Erwin Bauer
- Born: 17 July 1912 Stuttgart, German Empire
- Died: 3 June 1958 (aged 45) Cologne, West Germany

Formula One World Championship career
- Nationality: German
- Active years: 1953
- Teams: non-works Veritas
- Entries: 1
- Championships: 0
- Wins: 0
- Podiums: 0
- Career points: 0
- Pole positions: 0
- Fastest laps: 0
- First entry: 1953 German Grand Prix

= Erwin Bauer =

German racing driver (1912–1958)

Erwin Erich Bauer (17 July 1912 – 3 June 1958) was a German Formula One driver who raced a privately entered Veritas in his one World Championship Grand Prix.

==Racing career==
In April, 1953, Bauer co-drove a Porsche 356 Super 1500 with Hans Herrmann at the Mille Miglia.

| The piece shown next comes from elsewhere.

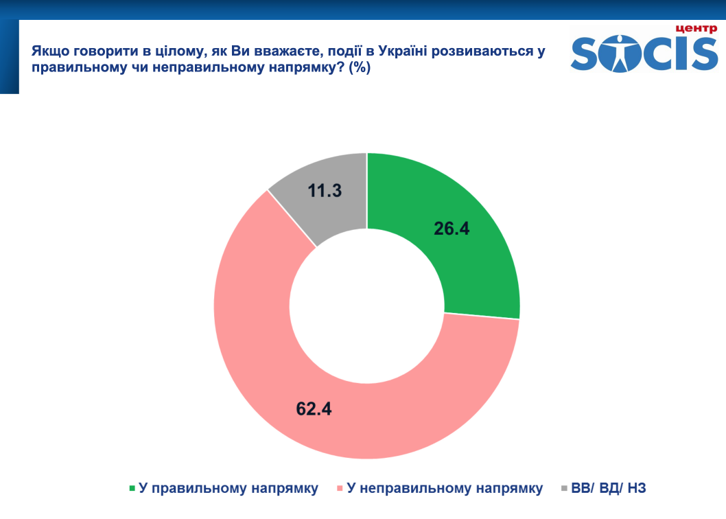 Кроме того, 62,4% опрошенных считают, что события в Украине не развиваются в правильном раправлении.

They finished the race in the 30th position.

Bauer became famous for racing an undermatched Lotus to a fourth place in the 1954 1000km Nürburgring, and thus, providing Lotus with one of its earliest successes. His sole race in the Formula One World Championship came in 1953 at the German Grand Prix at the Nürburgring. In a field of thirty four, Bauer qualified 33rd, only ahead of fellow Veritas entrant Oswald Karch. He made it onto the second lap, which was more than could be said for Hans Stuck and Ernst Loof, but then his engine expired. He had jumped up to 28th, leaping ahead of the two retiring cars plus Rudolf Krause and Maurice Trintignant.

==Death==
Five years later, again at the Nürburgring racetrack, Bauer was killed in a 2-litre sports Ferrari where, not realising he had passed the chequered flag, kept on racing and crashed fatally on what was supposed to be his slowing-down lap.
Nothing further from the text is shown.